[Data provided]
* * *

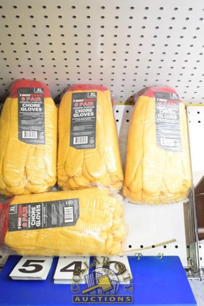 LOT OF 4 PACKAGES OF SIZE XL (6 PAIR PER PACKAGE) CHORE GLOVES
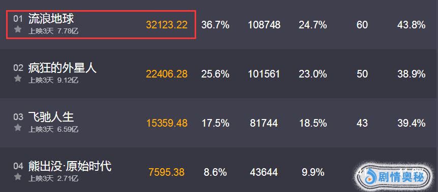 虽然吴京的《流浪地球》首映票房仅2亿垫底,不过上映三天《流浪地球》口碑大爆,票房也一直一路飙升单日票房砍下了3亿之高,《流浪地球》也反超了《飞驰人生》和《新喜剧之王》,如今不到三天时间《流浪地球》就反超了黄渤的《疯狂的外星人》夺得单日票房冠军,连黄渤都没有想到。而《流浪地球》的豆瓣评分高至8.4分口碑最佳,清一色的五星好评。
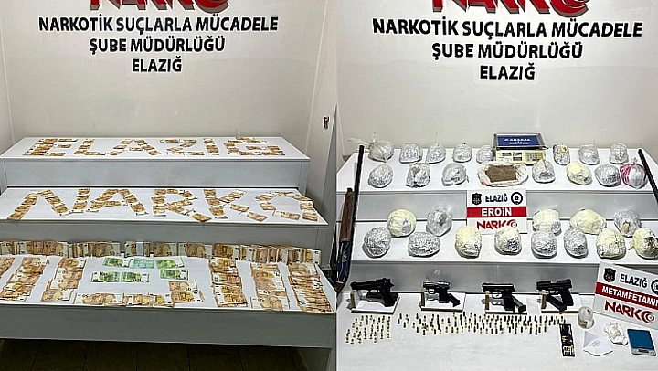 Elazığ'da polis ekiplerince düzenlenen uyuşturucu operasyonunda 30 kilo 800 gram eroinin yanı sıra çok sayıda silah ve yüklü miktarda para ele geçirildi.

* * *

[Problem details] With the pictures removed, output the listing above exactly.

[Answer to the problem]
 LOT OF 4 PACKAGES OF SIZE XL (6 PAIR PER PACKAGE) CHORE GLOVES
 虽然吴京的《流浪地球》首映票房仅2亿垫底,不过上映三天《流浪地球》口碑大爆,票房也一直一路飙升单日票房砍下了3亿之高,《流浪地球》也反超了《飞驰人生》和《新喜剧之王》,如今不到三天时间《流浪地球》就反超了黄渤的《疯狂的外星人》夺得单日票房冠军,连黄渤都没有想到。而《流浪地球》的豆瓣评分高至8.4分口碑最佳,清一色的五星好评。
 Elazığ'da polis ekiplerince düzenlenen uyuşturucu operasyonunda 30 kilo 800 gram eroinin yanı sıra çok sayıda silah ve yüklü miktarda para ele geçirildi.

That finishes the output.